MIRA
Error monitoring and Diagnostics


Overview

There are 3 levels of error management.

The last form of error management will be covered below.

DiagnosticsModule

On systems where many modules form a complex application it is always useful to have some kind of runtime error and status reports from the single modules. In order for your module to provide such diagnostic informations in a generic way you can use the DiagnosticsModule class. It can be used to get and set the current status of a module. This status can either be BOOTUP, RECOVER, OK, WARNING or ERROR. Multiple diagnostic modules can be grouped together in a parent module. All diagnostic modules can be registered at the StatusManager. The StatusManager class keeps track of all registered diagnostic modules and combines their status. If each module is OK the overall state is also OK. If at least one module signals a warning the status is WARNING. The same holds true for ERROR. Every diagnostic module can also be in a boot up state no matter what other warning or errors are set. Additionally a module can signal that it is currently recovering from an error using the RECOVER status. To keep things simple and uniform each authority by default provides a StatusManager and implements a DiagnosticsModule that is registered at the StatusManager. So the authority provides all diagnostic functions of a DiagnosticsModule and allows the user to register additional modules in its StatusManager. The overall status of the authority will be a combined one from the authority itself and all registered diagnostic modules. The combined status of every authority is displayed in miracenter.

Status

Each status entry has a mode (BOOTUP, RECOVER, OK, ERROR, WARNING) and a category. Categories are used to differentiate between different warnings and errors. Each category can only contain an error or a warning. The category can also be OK. If all categories are OK there will be no error or warning and the module is working correctly. There is no restriction or predefined set of categories. As it is a string the user can freely chose an appropriate name.

The status of the authority can be set by calling the bootup(), bootupFinished(), recover(), recoverFinished(), warning(), error() or ok() methods.

// signal that we are booting up
authority.bootup("Allocating some memory");
HeavyObject* o = new HeavyObject();
authority.bootup("Initializing memory");
o->init();
// signal that we are operational
authority.bootupFinished();
// one can set an error with a category and a message text
authority.error("Parser", MakeString() << "There was an error at line " << line);
// reset the status of a category by signaling ok status
authority.ok("Parser");
// or reset all errors and warnings in all categories.
authority.ok();

Units are Authorities and inherit the diagnostic functionality. In Units you can call bootup() during the inititalization phase. There is no need to call bootupFinished() as it is done automatically. Also recovery functionality is wrapped in Units (Recovery Mode).

PersistentErrors

Sometimes it is necessary to store errors persistently to be able to monitor the status of an application over time. This can be done using the ErrorService class of the framework. It supports nearly the same interface as the DiagnosticModule class. The ErrorService database can be used for statistics (how often was an error reported). Or if the application was already terminated the error database could give some hints about why it was not working.

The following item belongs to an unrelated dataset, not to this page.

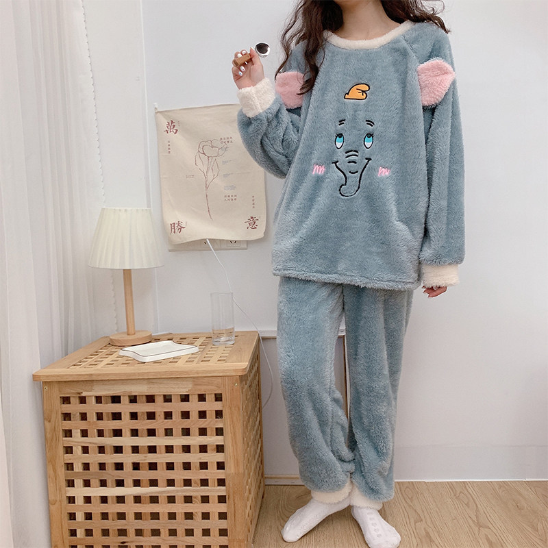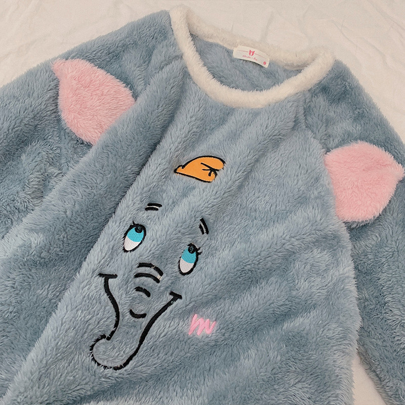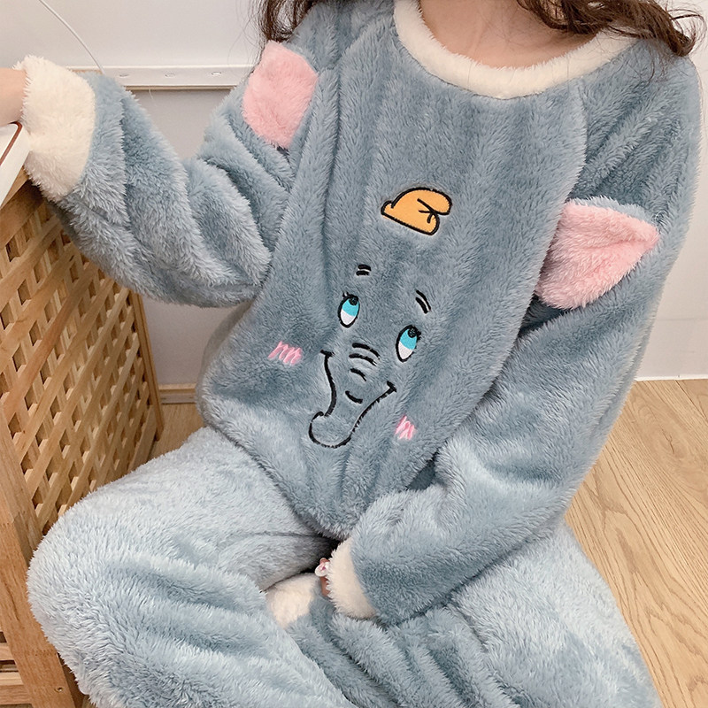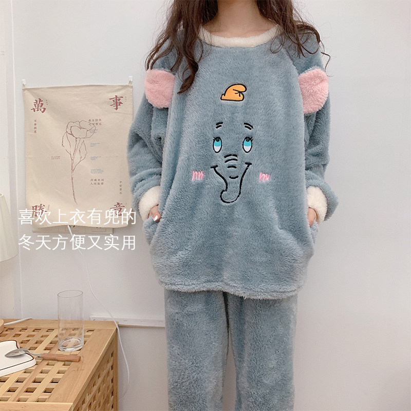 ins Japanese thickening and fleece pajamas women's autumn and winter net red models cute sweet student bedroom warm cartoon

Also filtering can be done on the database. Another advantage is when displaying errors to the end user - the error text can be translated into multiple languages.

// set an error with a category, a module reporting the error, a translatable text and a message
MIRA_FW.getErrorService()->setError("Parser", "MyModule", "Failed to read file", MakeString() << "There was an error at line " << line);

Watchdog

Some modules operate in a certain interval. If they don't there is probably an error. Such modules can use the watchdog functionality of the DiagnosticsModule. Authorities provide a mechanism to set a heartbeat interval and to reset the watchdog by calling heartbeat.

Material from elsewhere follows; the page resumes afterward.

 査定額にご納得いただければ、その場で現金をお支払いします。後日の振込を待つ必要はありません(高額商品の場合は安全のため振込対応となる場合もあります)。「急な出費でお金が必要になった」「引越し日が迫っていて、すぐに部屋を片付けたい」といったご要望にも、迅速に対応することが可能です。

// we are working in a cyclic interval of one second
void init()
{
authority.setHeartbeatInterval(Duration::seconds(1));
}
void process()
{
// do some operations here that also can fail or block
if ( fail )
return;
// reset the watchdog
authority.heartbeat();
}

If the heartbeat is not called during the specified interval, the status of the module will automatically set to ERROR providing an appropriate error message.